The bear flag pattern is a bearish pattern that the market is most likely going to continue on the downtrend. This pattern manifests on the chart when you have a strong bearish momentum with large range candles and a small pullback with small range candles. This usually means that the bears are in control with little-to-no buying pressure. The large candles are an indicator that the bears can easily push the price lower. The small range candles show that there is some buying pressure, but it is most likely from the traders taking profit from their short positions. This clearly shows that if nothing changes, the market is most likely going to continue on a strong downtrend.
When trading the bear flag pattern, the location matters a lot. For instance, when the market is far from the moving average, you do not want to trade the bear flag because the price will most likely reverse higher. You should use the bear flag pattern as a signal to open a position when the price is near the moving average and when the bear flag pattern appears after a break of support.
Waiting for the bear flag after support has its benefits because:
- The risk-to-reward ratio is more favorable.
- The bulls are not showing any strength so you have a higher probability trade.
- Your stop loss can be set at a logical level, i.e. above the high of the bear flag).
Timing your entries when trading the bear flag
The bear flag chart is considered to be a trend continuation pattern. The trend pattern continues on a downtrend until a new support level is formed. The bear flag usually emerges as a trend consolidation channel, but soon, the price breaks below the support level and the bearish trend continues. For cryptocurrency traders, this is a clear signal for entry so that they can benefit from the downtrend.

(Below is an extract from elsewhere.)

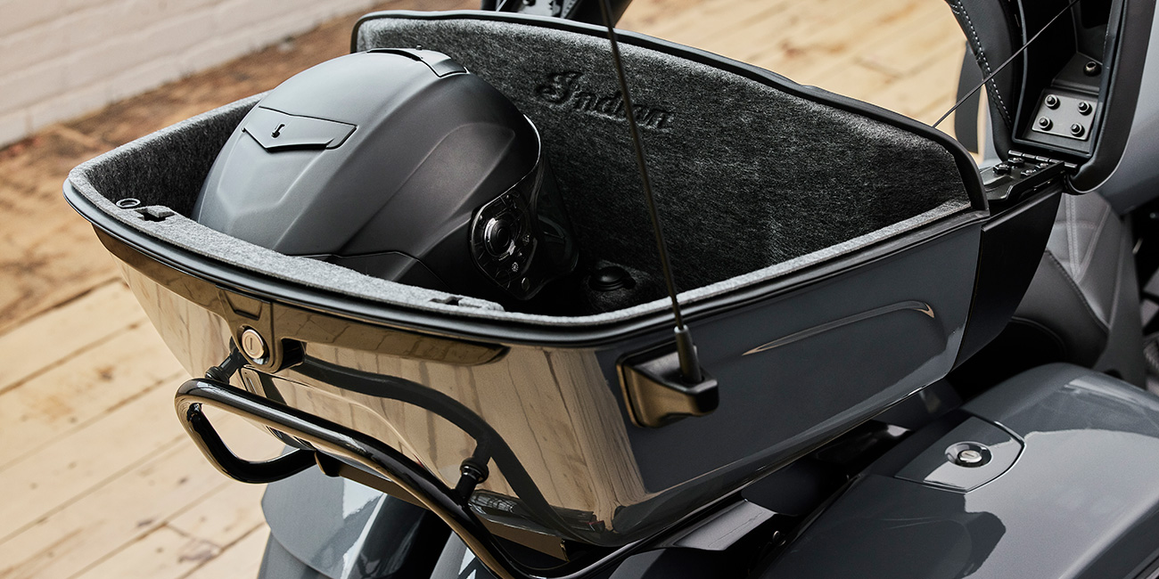 Más de 133 litros de almacenamiento resistente a la intemperie y con cierre remoto pueden con todo el equipo que tengas. O puedes quitar el maletero de desmontaje rápido para reducir el peso y lucir una imagen completamente nueva.

To identify the bear flag, you need to point out two key elements, i.e. the pole and the flag. You also need to identify the volume indicator and the breakout. The pole coincides with the initial price decline and it is driven by a strong bearish momentum, and the flag is seen in a form of consolidation channel that comes after the price decline.
When the price is below the flag, i.e. the consolidation channel, then traders can place sell orders. You can use the pole to calculate how far the downtrend will go, but to be on the safer side, the height of the flag can be used to determine your profit channel.
The bear flag shows that an existing downtrend has been oversold and the market needs a rest. This usually means that after a steep price movement, the market will move in the opposite direction for a while, but when the pullback is over the price will continue to move in a downtrend.
Using the bear flag pattern as a signal to open a position requires patience for the bearsĀ to break below support. Often the risk involved may pay off in high rewards if the downtrend continues; especially if the bear flag pattern is closer to the moving average.